Exercise description:
Using the data below, print exactly the line with "1st Place ND", the line with "FRUIT PUNCH 1", and every line between them, but none of the pictures.

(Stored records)
⟨

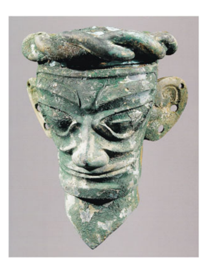
Figure 10. Bronze head thirteenth-twelfth century BCE, excavated from Sanxingdui Pit I, Guanghan Sanxingdui Site Museum, Sichuan.

swords suspended from their sides with a shoulder strap. There is an air of ceremonial formality to the scene, lending credence to the theory that this is a procession expressing fealty (Peters 2002: 95).
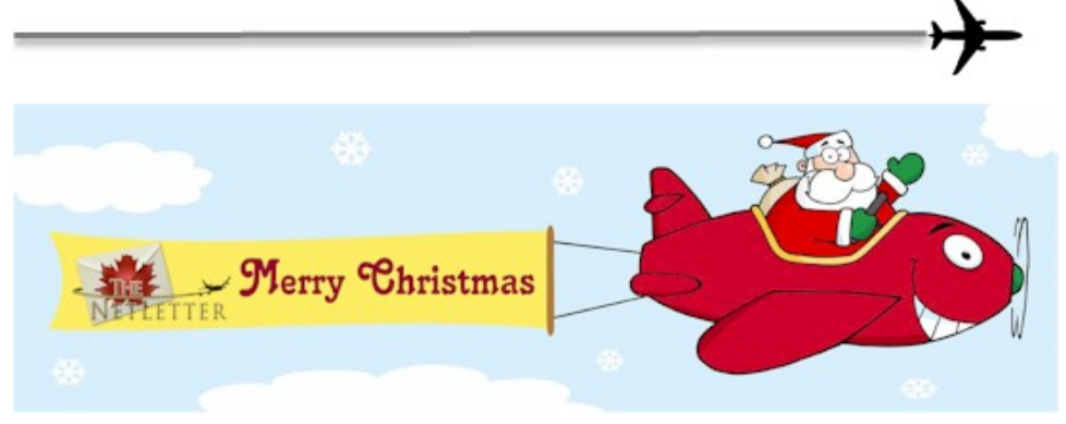
Happy Holidays from the NetLetter Team

Welcome to the NetLetter, an Aviation based newsletter for Air Canada, TCA, CPAir, Canadian Airlines and all other Canadian based airlines that once graced the Canadian skies.
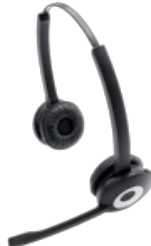
Jabra Pro 920 Duo
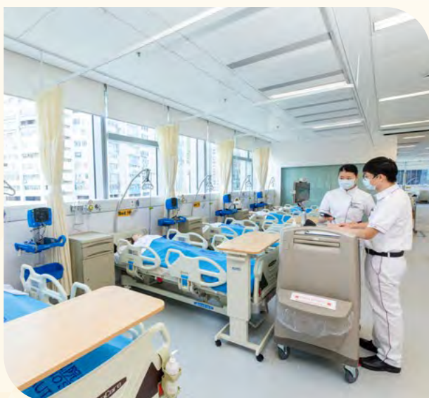
葵興校舍 Kwai Hing Campus
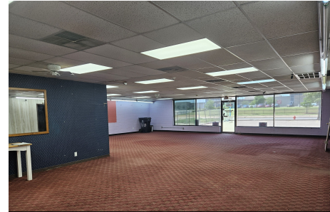
Interior South End
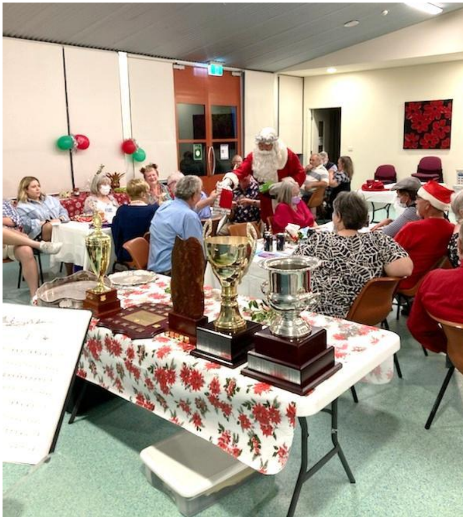
Christmas meeting 2021 Perpetual trophies on display.

NO MEETING JANUARY next meeting to be advised.
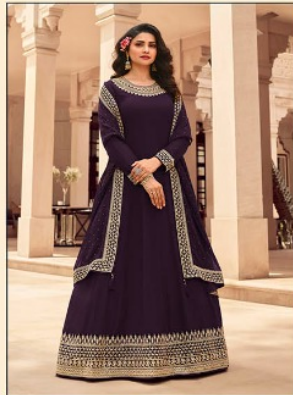
• 14824 •
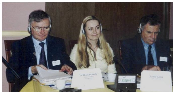
Jeleni Gora – an international conference
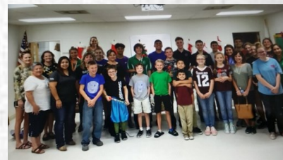
4-H families participating in scavenger hunt food drive during the holidays
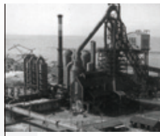
No. 1 blast furnace at Chiba Works

February 1951 Chiba Works established as first modern integrated iron and steel works in postwar Japan
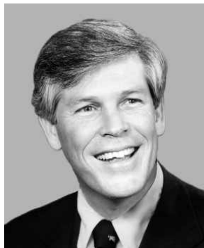
Sen. Connie Mack of Cape Coral Republican—Jan. 3, 1989
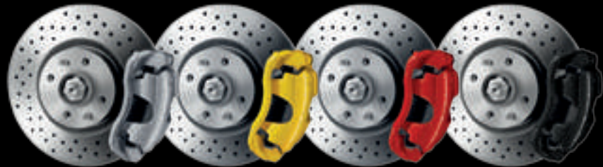
Grey (as standard on 595 Turismo)
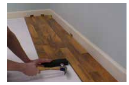
14. Using a hammer and tapping block, gently tap along the groove side to engage planks. Tap center of block.
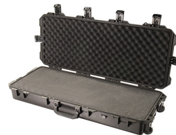
iM3100-X0001 With Foam
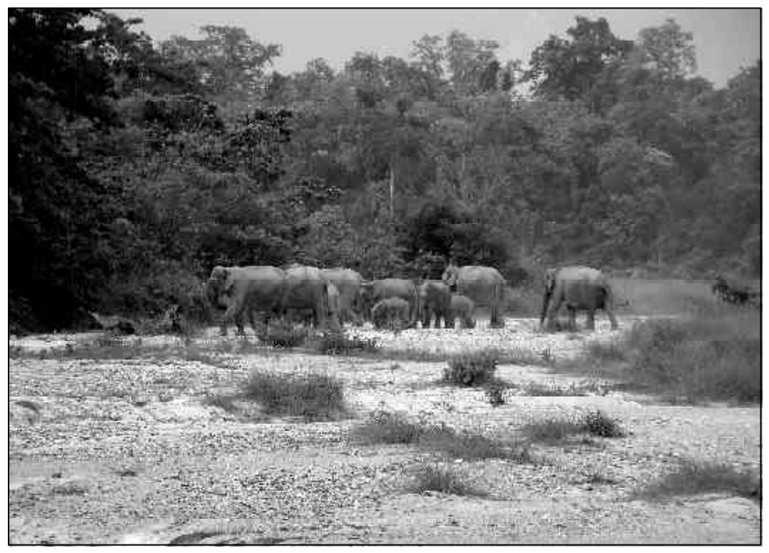
An elephant herd

of weeds from glades and wetlands, soil conservation, etc. are performed.
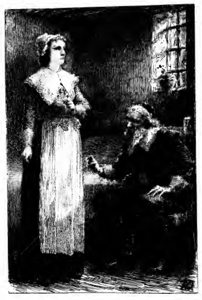
"Sooner or later he must needs be mine!"
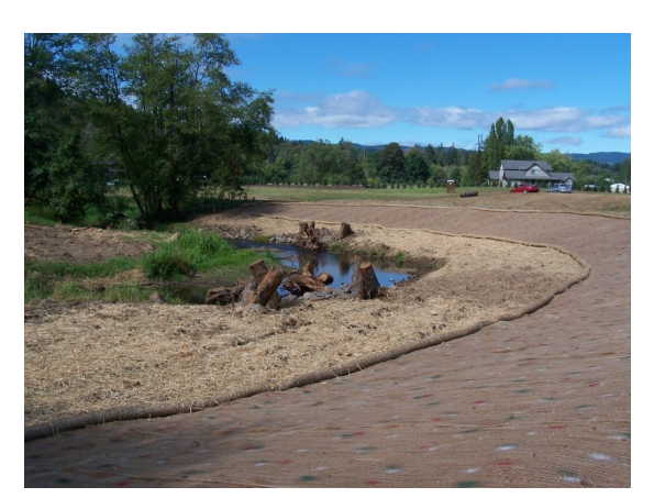
S. Scappoose Creek After
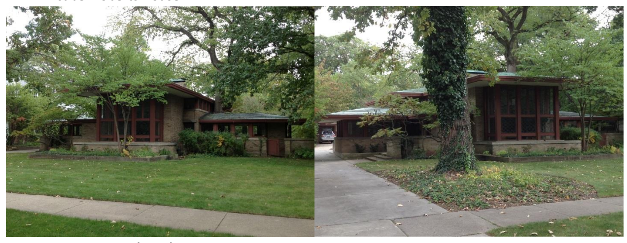
Isabel Roberts House (1908)
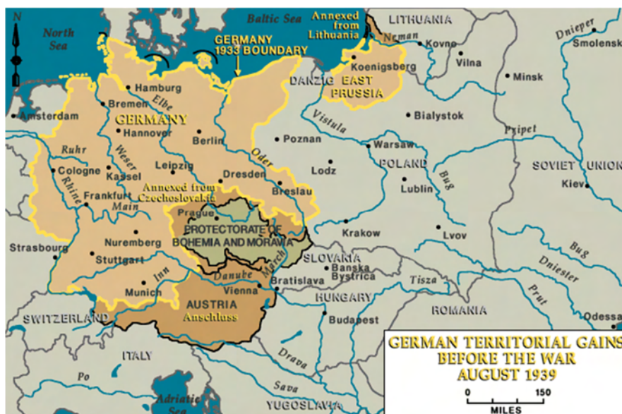
Figure 1: "German Prewar Territorial Gains" https://www.ushmm.org/wlc/en/media_nm.php?ModuleId=10005141&MediaId=371 , last accessed 14 April 2016)

The spoliation of Jewish cultural and religious property was an official part of the Nazis' campaign against those labeled as "ideological enemies of the Reich." Aside from objets d'art , a myriad number of Jewish cultural objects were also looted from 1933 to 1945, including various kinds of Judaica, such as ritual, sacred and/or everyday objects, books, and archives. Numerous looting agencies both within the Reich, including those territories that were annexed to Nazi Germany, as well as agencies operating outside of the Reich, yet not outside of Nazi-occupied territories, were responsible for what can be called the greatest theft in the history of humanity. 40
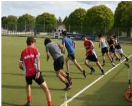
The Player Pathways group undertaking a beep test during their first session.
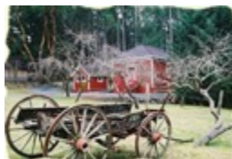
Highland Heritage School House...

The Pike House and the Highland Heritage School House are available for rental for birthday parties, weddings, or other private celebrations.
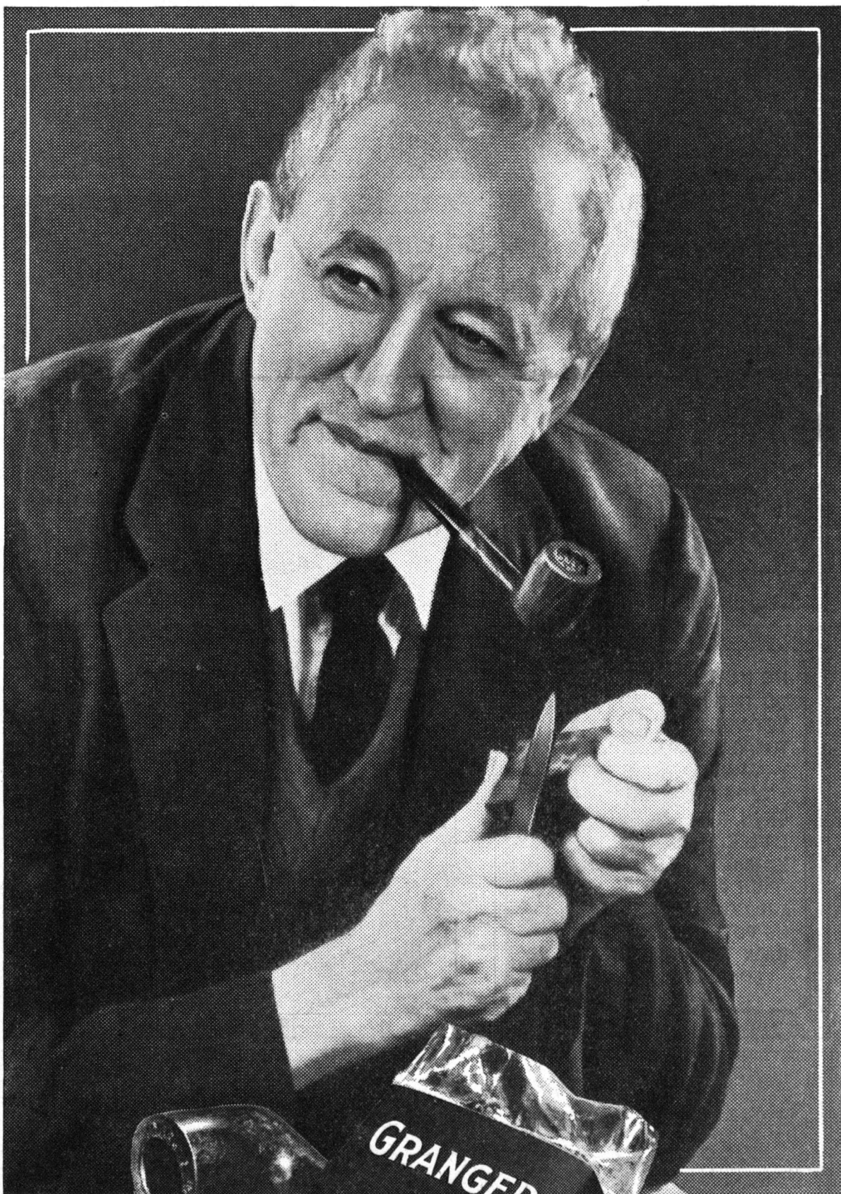
© 1933 LIGGETT & MYERS TOBACCO CO.
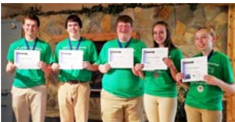
1st Place ND State Envirothon Bismarck High School Bismarck, ND
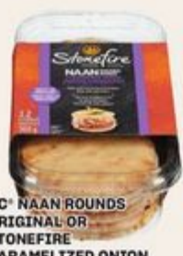
PC NAAN ROUNDS ORIGINAL OR STONEFIRE CAMELIZED ONION PAINS NAAN ROUNDS PC ORIGINAL OU OIGNONS CAMELISÉS STONEFIRE 20757871_EA/21594557_EA

BUY 2 OR MORE 3.50 EA. LESS THAN 2 $3.99 EA.
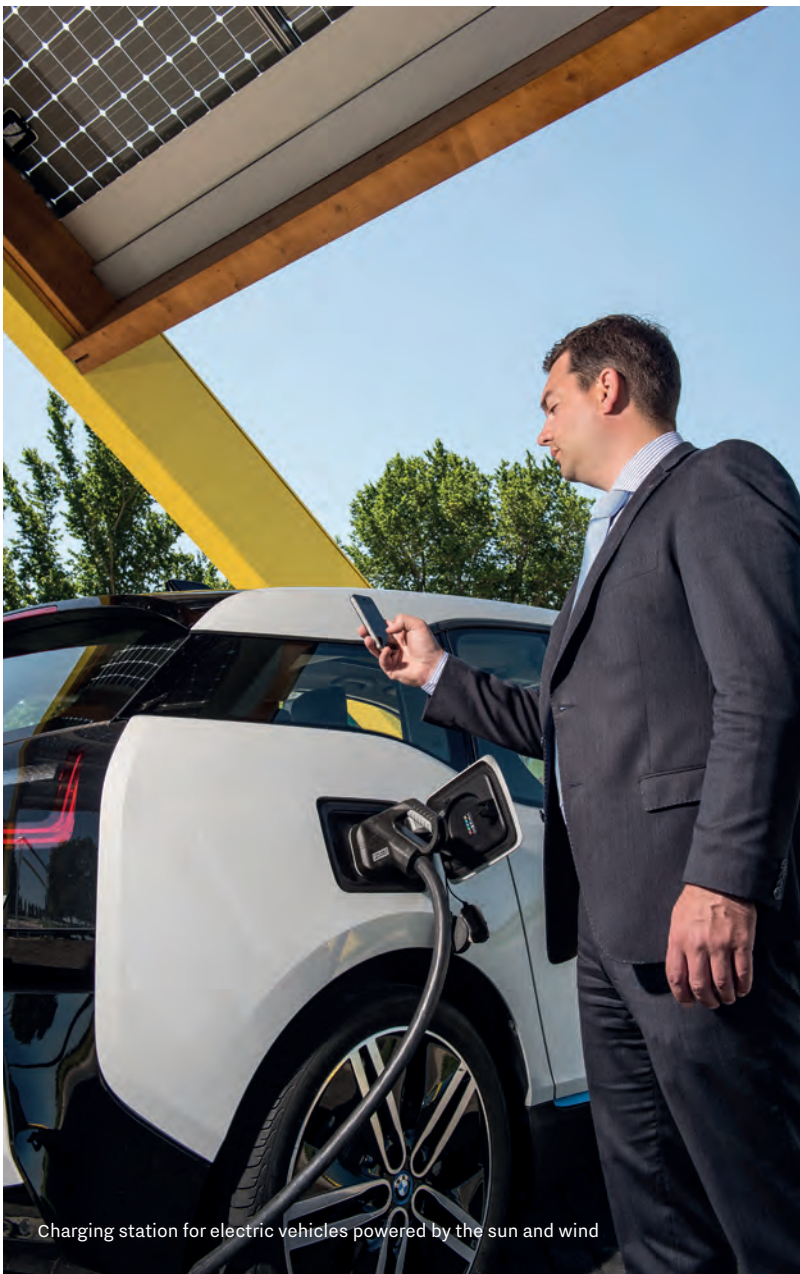
Charging station for electric vehicles powered by the sun and wind
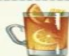
FRUIT PUNCH 1 oz. Fruit 1 oz. Simple Syrup 1 oz. Soda Water Dash of Angostura Bitters
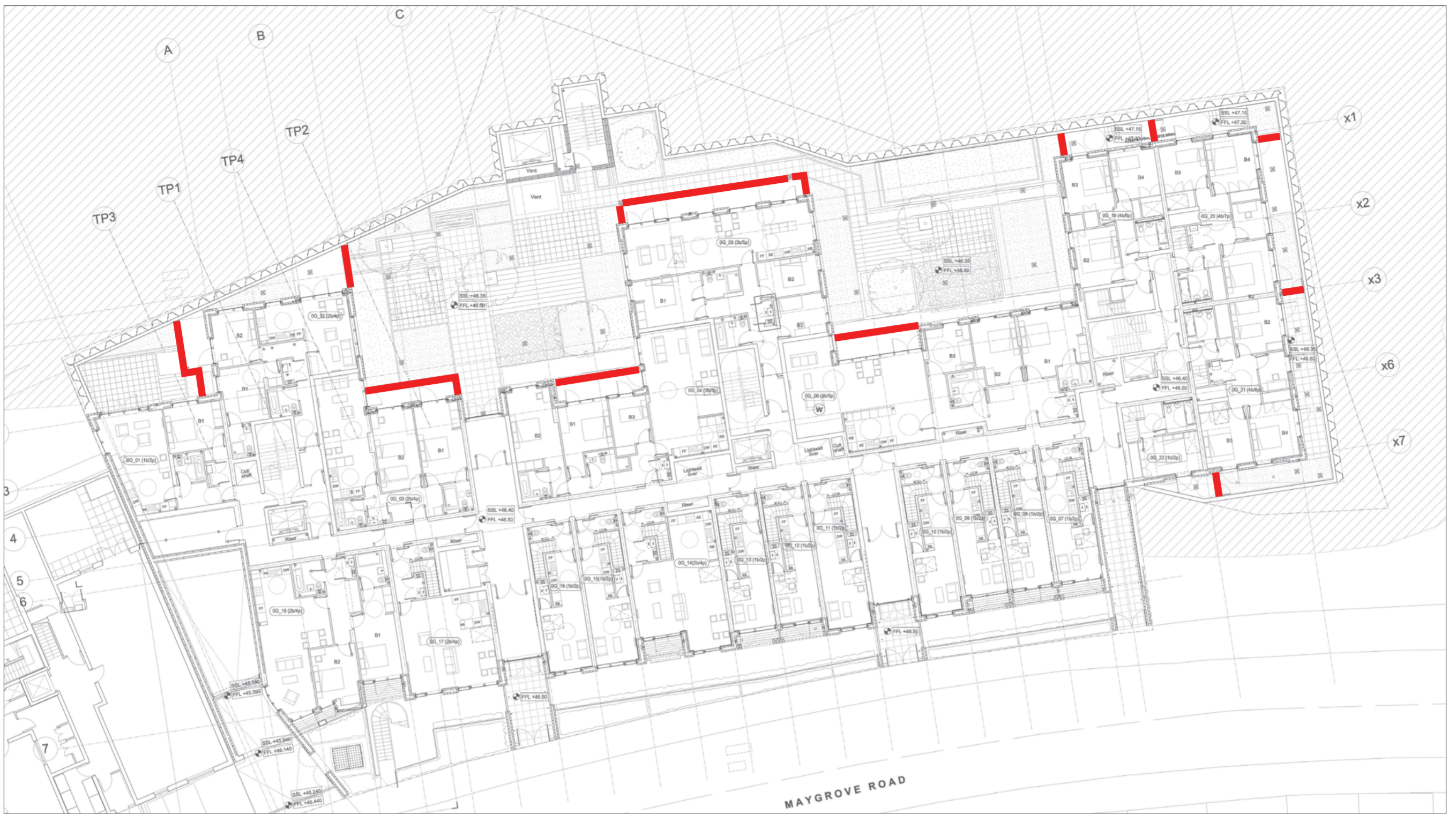
Plan showing location of Privacy screening at Ground Floor
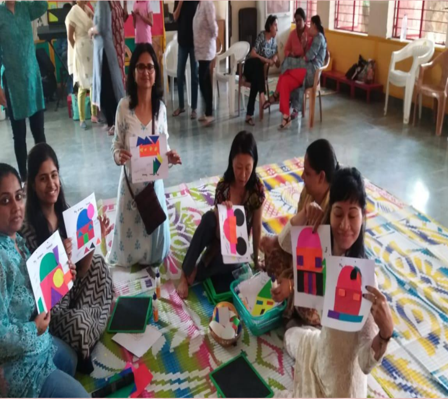
Follow-up exercise- My dream home
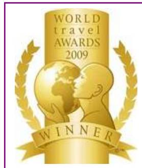
WTA - Turkey's Leading Spa Resort
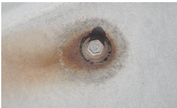
Failing fastener grommet
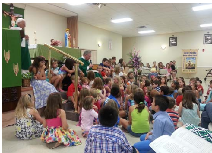
Children's Mass, October 4, 2015
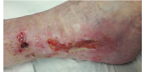
3 weeks post debridement
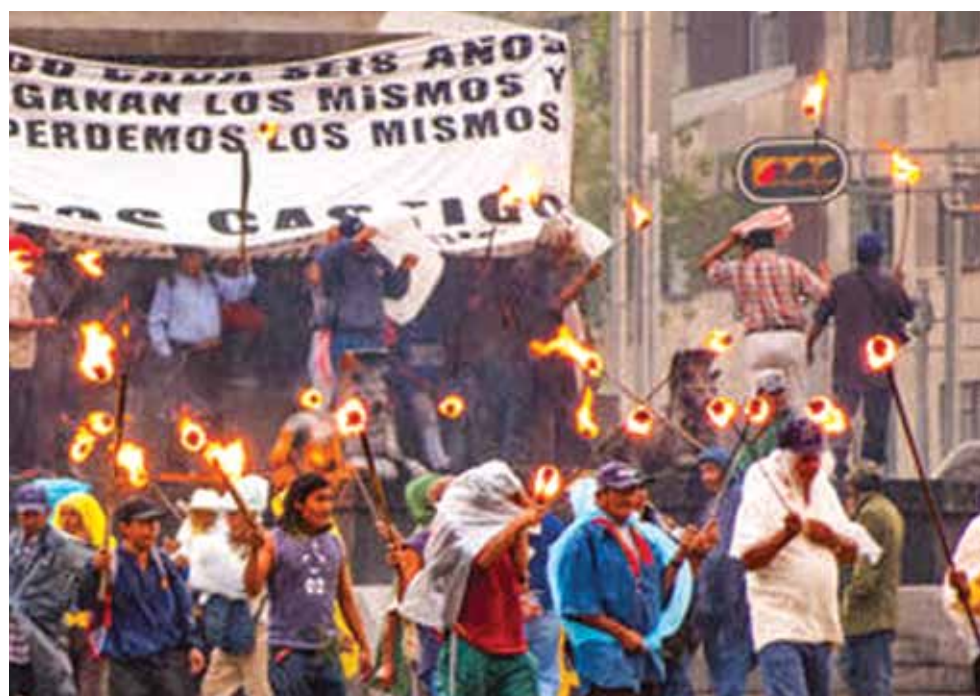
Friendly fires on la Reforma in Mexico City.
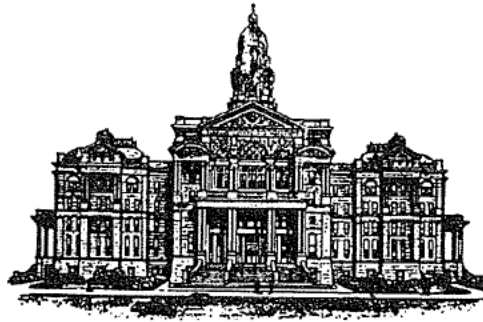
Tarrant County 1895 Courthouse
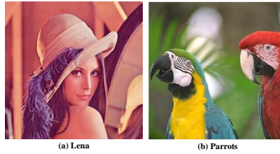
Fig. 1. Two test color images
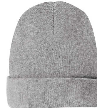
District® Re-Beanie™ DT815 | One Size Fits Most | 4 colors
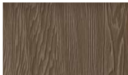
Aspen Brown (405)
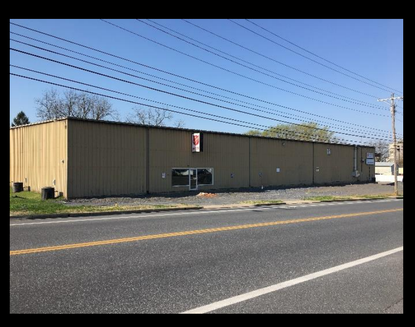
West: Industrial Operations

⟩

Output of the exercise:
1st Place ND State Envirothon Bismarck High School Bismarck, ND
PC NAAN ROUNDS ORIGINAL OR STONEFIRE CAMELIZED ONION PAINS NAAN ROUNDS PC ORIGINAL OU OIGNONS CAMELISÉS STONEFIRE 20757871_EA/21594557_EA

BUY 2 OR MORE 3.50 EA. LESS THAN 2 $3.99 EA.
Charging station for electric vehicles powered by the sun and wind
FRUIT PUNCH 1 oz. Fruit 1 oz. Simple Syrup 1 oz. Soda Water Dash of Angostura Bitters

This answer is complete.